Monday, March 08, 2010

What Didn't Happen Over the Weekend

So many things happened that it's almost impossible to adequately discuss them in a non-lengthy manner.
If there was an award for "Worst Weekend of 2010," March 5-7 would be our clubhouse leader right now. By at least eight strokes. Sure there were a plethora of college basketball games to consume, but most of them really didn't mean anything in terms of conference standings and just a handful featured teams trying to find a way to stay alive in the NCAA Tournament picture. One of those, and the one that I cared about, involved Ole Miss and its unbelievable ability to suck me back into hoping. The Rebels trailed Arkansas for just over 39 minutes before Chris Warren hit a three to give them the lead for good. To Chris Warren (scored 31 points) I say thank you, good sir, for giving a crap on Saturday and keeping the NCAA pulse from flatlining. To the Ole Miss team as a whole I say, STOP DOING THE SAME THING EVERY YEAR. JUST ONCE CAN WE SECURE AN NCAA BIRTH BEFORE THE LAST WEEK OF THE SEASON.

And kudos to fellow bubble teams Florida and Mississippi State for their losses. Florida battled Kentucky before eventually falling short while the Bulldogs elected not to show up at all against Tennessee (trailing at one point 17-0). Both of you added even more fuel to my hope that Ole Miss can make the Tournament, and at the same time increased the degree of wailing and gnashing of teeth that will occur when the Rebels lose to Tennessee in a brutal fashion in the SEC Tournament on Friday. So at this time I'd like to thank both of you and tell to go to hell.

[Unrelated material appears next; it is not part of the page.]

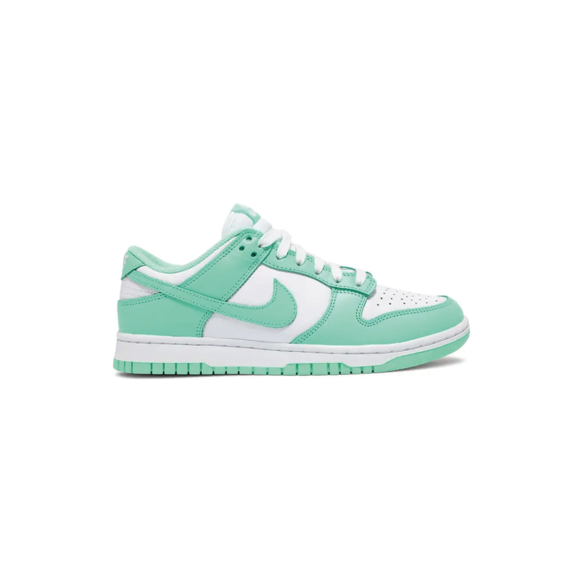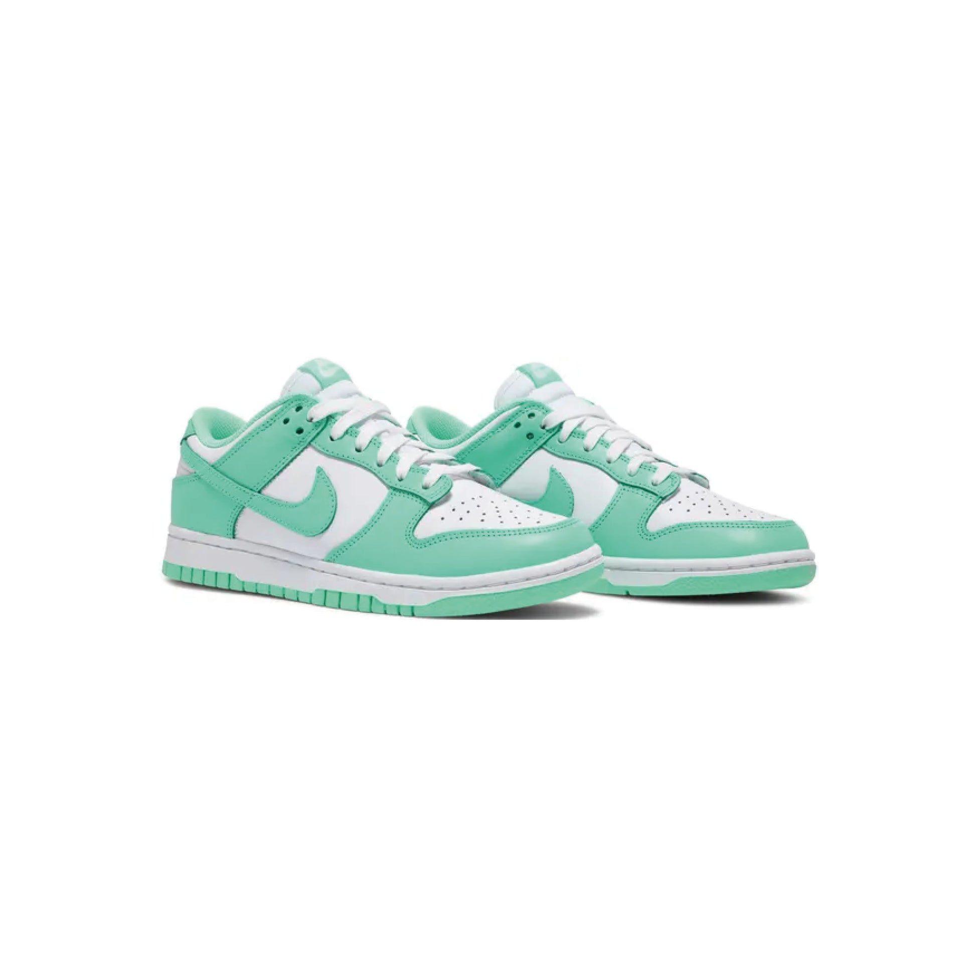 The Nike women’s Dunk Low ‘Green Glow’ showcases traditional color blocking on a customary all-leather build. A crisp white base is contrasted by a vibrant shade of green on the sneaker’s eyestay, Swoosh, and forefoot and heel overlays. The verdant hue is repeated on the woven tongue tag and heel tab, both marked with standard Nike branding. The low-top rides on a two-tone rubber cupsole, equipped with a grippy outsole originally designed for pivoting on the hardwood.

The Academy Awards show grinds America to a halt.
There's nothing like pretentiousness oozing out of your television, especially when it's generated by a massive collection of high school drop-outs and those who have no education past high school. Now, of course I appreciate the talent possessed by many of these most important people of our time because I DEMAND ENTERTAINMENT AT ALL TIMES, but watching them socially interact, zombie-stare into a camera while attempting to read a teleprompter, laugh at jokes they don't get and pretend they aren't outraged when they don't win is almost impossible to do. If they aren't performing their craft (a great pretentious word), they cannot be watched. It's like watching a three hour interview with athletes. Except 98% of the people are white and have nothing interesting to say.

Taco Bell gives America another fine fast food option.
Behold, the Pacific Shrimp taco:


After some research (consisting of four seconds of using Google), I found that Taco Bell actually introduced this beauty last fall, but I just saw the first commercial for it last night, making it brand-new to me. Do I want one? You know it. Will I immediately regret that decision? Absolutely. But the allure of DELICIOUSNESS OFFSETS THE ACCOMPANYING FLAMING HOT DIARRHEA. It might even punch a hole in my colon but I don't care. I love Taco Bell and will sacrifice my body for the enjoyment of it. So there, now you know just how disgusting I am. I acknowledge that you're silently judging me right now, but in the good name of Pacific Shrimp tacos I will forgive you.

Allen Iverson continues to ke....
This post has been prematurely ended for a special trip to Taco Bell. After a possible brief stay in a local hospital, activities will resume.